*Required work*:
Make an exact transcript of the lines in the data below, starting with the one containing "İsveçrə Konfederasiyasının Prezidenti" and going on through the one containing "매운걸 못 먹으면 고춧가루 양을 줄여서 넣는다. 아주 맛있는 겉절이 양념이다.", with both included and the pictures left out.

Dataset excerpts

= = = =

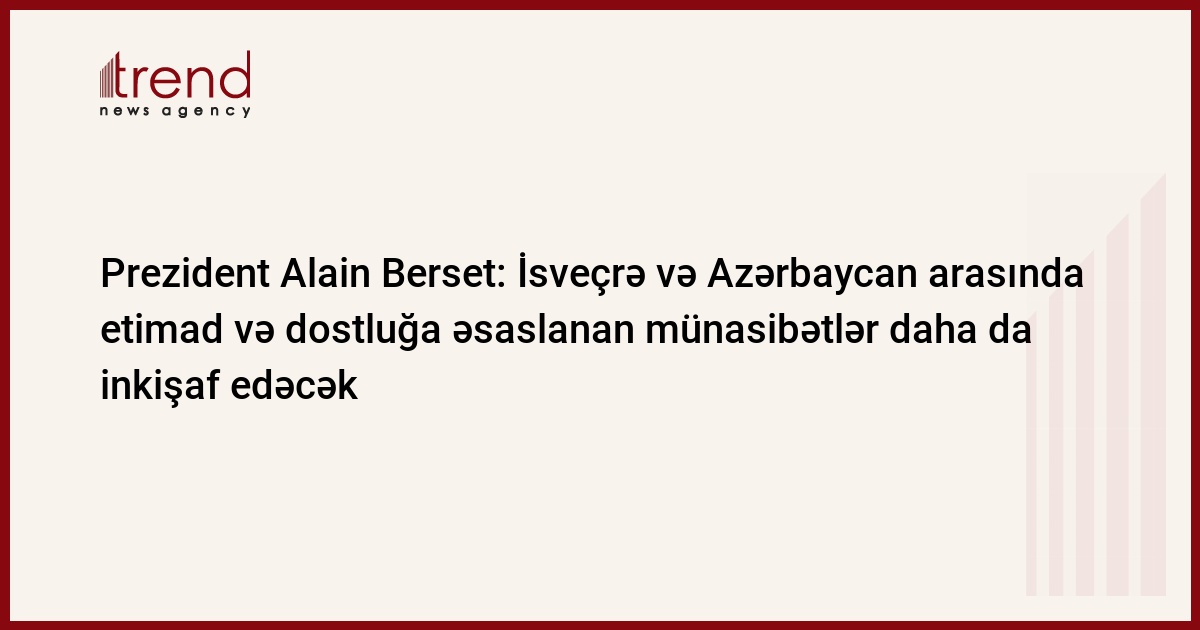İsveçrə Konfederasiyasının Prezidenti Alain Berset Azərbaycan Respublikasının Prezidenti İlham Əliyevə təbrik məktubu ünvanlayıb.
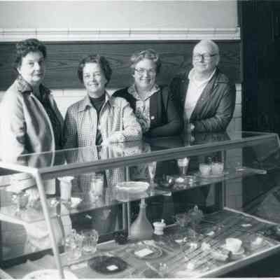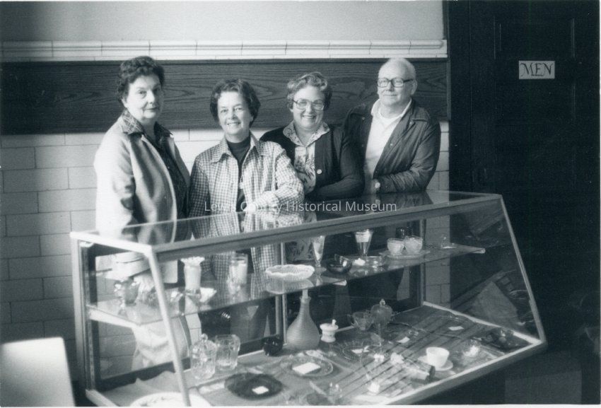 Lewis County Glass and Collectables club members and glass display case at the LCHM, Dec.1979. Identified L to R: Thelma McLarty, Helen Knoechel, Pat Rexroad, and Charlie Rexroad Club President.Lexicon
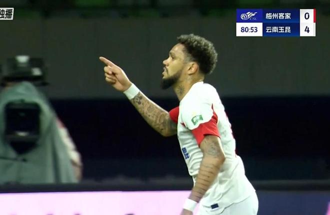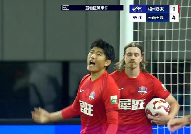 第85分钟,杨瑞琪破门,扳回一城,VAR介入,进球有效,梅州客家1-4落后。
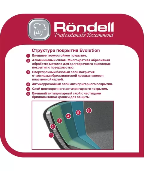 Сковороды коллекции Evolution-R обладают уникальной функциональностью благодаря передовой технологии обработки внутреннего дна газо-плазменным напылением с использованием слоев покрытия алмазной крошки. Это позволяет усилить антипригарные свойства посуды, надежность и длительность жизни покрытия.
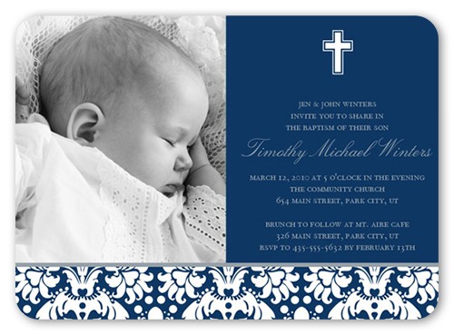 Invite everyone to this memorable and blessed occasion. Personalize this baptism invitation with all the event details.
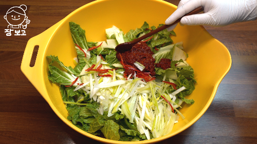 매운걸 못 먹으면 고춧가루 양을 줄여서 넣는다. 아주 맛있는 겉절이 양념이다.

= = = =

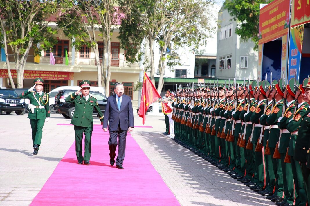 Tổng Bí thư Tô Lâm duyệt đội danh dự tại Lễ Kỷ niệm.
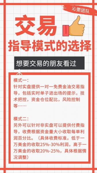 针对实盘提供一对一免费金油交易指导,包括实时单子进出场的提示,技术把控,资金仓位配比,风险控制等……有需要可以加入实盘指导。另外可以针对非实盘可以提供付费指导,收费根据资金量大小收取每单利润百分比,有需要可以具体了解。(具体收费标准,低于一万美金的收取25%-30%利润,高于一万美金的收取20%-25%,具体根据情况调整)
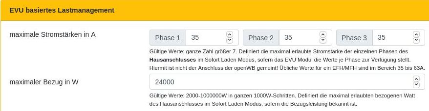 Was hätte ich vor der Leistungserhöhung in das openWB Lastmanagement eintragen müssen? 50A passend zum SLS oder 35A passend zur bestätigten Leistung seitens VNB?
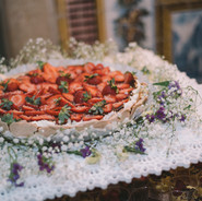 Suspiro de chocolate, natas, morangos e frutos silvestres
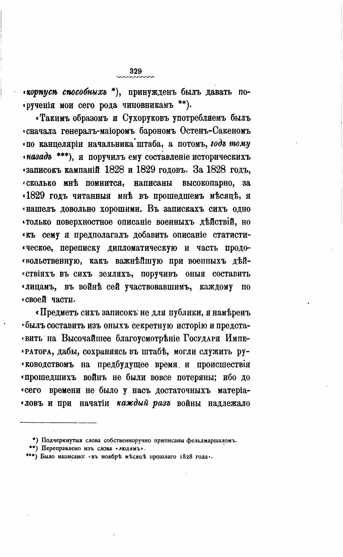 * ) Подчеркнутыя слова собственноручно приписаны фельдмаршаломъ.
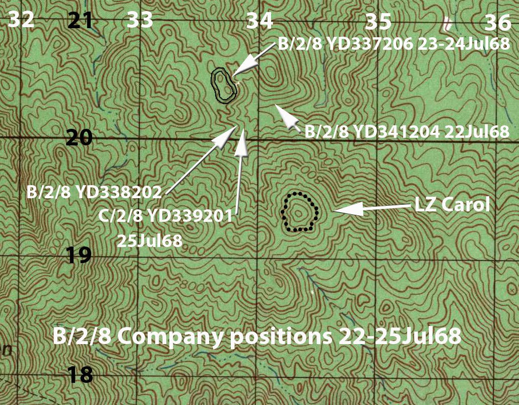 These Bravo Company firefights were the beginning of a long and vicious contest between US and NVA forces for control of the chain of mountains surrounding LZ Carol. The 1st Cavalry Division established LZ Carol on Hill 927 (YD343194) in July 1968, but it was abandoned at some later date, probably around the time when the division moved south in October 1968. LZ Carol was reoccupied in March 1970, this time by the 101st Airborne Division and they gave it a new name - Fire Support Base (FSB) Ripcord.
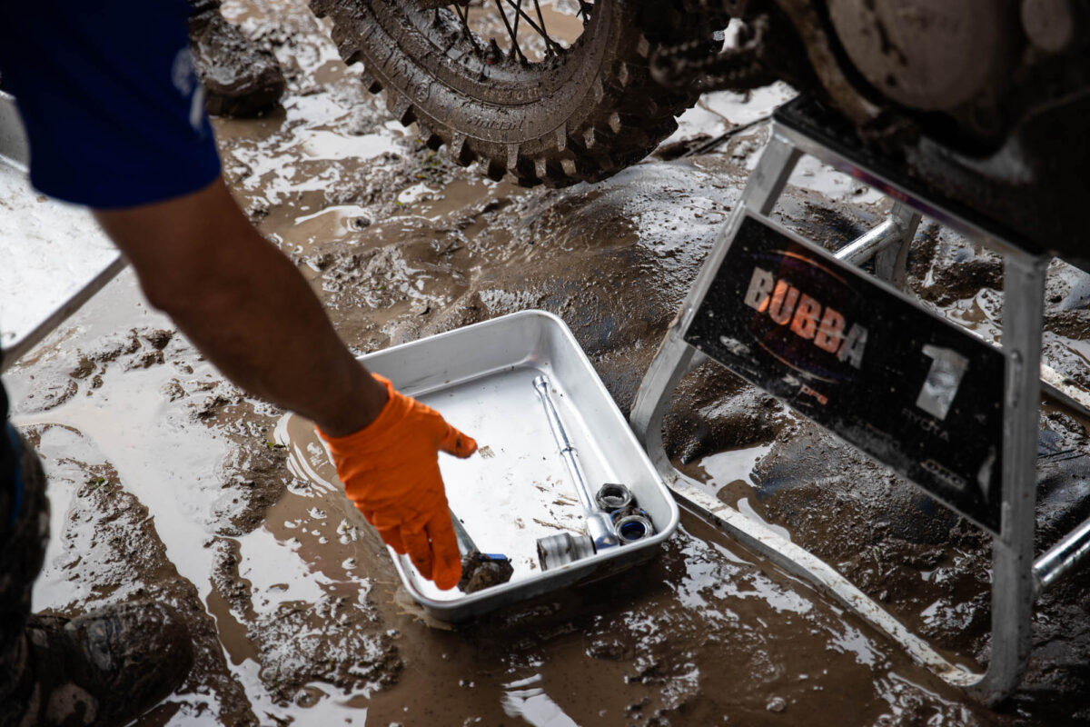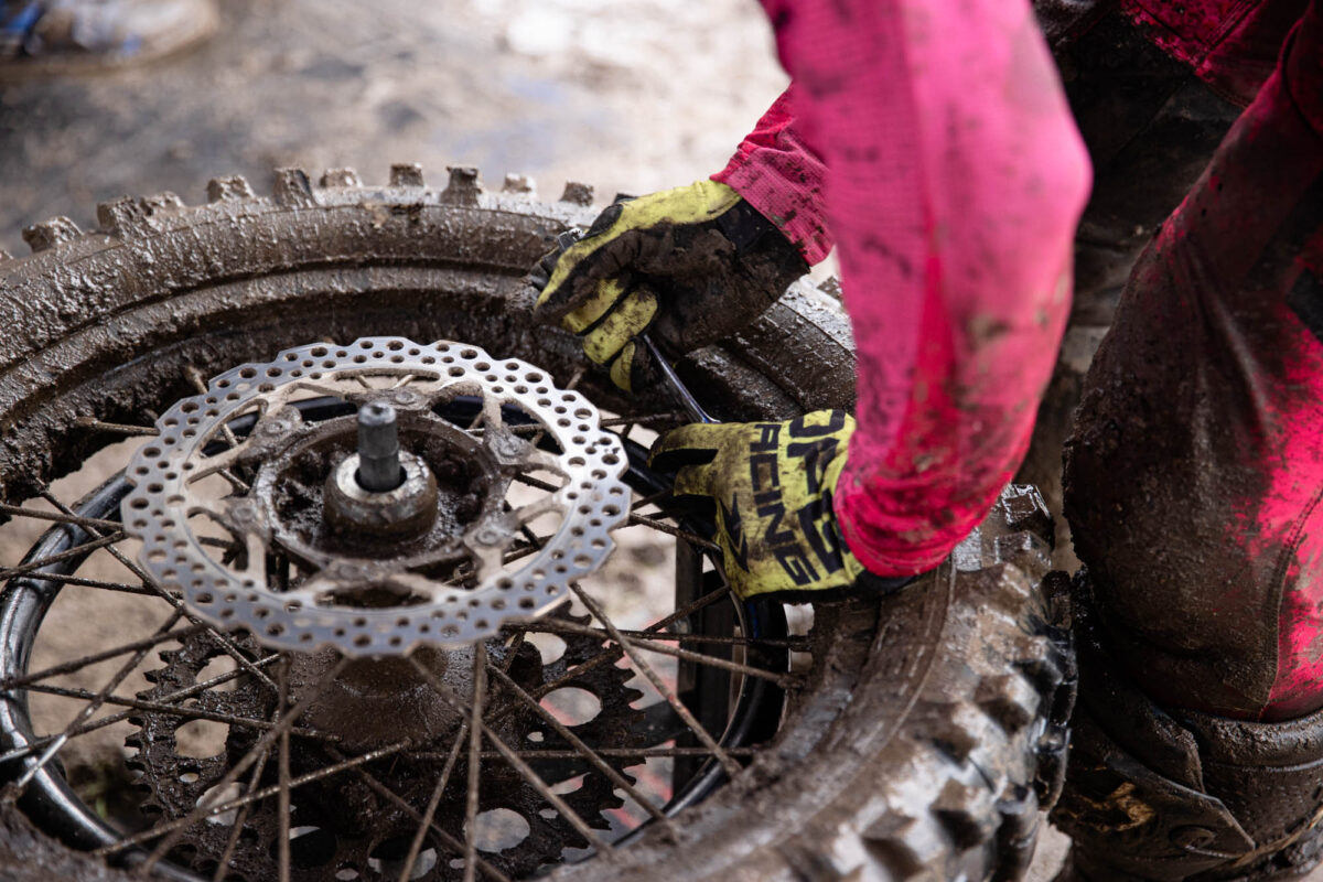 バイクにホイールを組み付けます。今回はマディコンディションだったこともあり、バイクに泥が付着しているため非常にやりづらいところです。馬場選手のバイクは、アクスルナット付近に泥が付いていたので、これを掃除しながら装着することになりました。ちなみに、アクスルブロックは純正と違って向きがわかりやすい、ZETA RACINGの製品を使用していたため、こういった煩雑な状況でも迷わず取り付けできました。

= = = =

*Result*:
İsveçrə Konfederasiyasının Prezidenti Alain Berset Azərbaycan Respublikasının Prezidenti İlham Əliyevə təbrik məktubu ünvanlayıb.
 Lewis County Glass and Collectables club members and glass display case at the LCHM, Dec.1979. Identified L to R: Thelma McLarty, Helen Knoechel, Pat Rexroad, and Charlie Rexroad Club President.Lexicon
 第85分钟,杨瑞琪破门,扳回一城,VAR介入,进球有效,梅州客家1-4落后。
 Сковороды коллекции Evolution-R обладают уникальной функциональностью благодаря передовой технологии обработки внутреннего дна газо-плазменным напылением с использованием слоев покрытия алмазной крошки. Это позволяет усилить антипригарные свойства посуды, надежность и длительность жизни покрытия.
 Invite everyone to this memorable and blessed occasion. Personalize this baptism invitation with all the event details.
 매운걸 못 먹으면 고춧가루 양을 줄여서 넣는다. 아주 맛있는 겉절이 양념이다.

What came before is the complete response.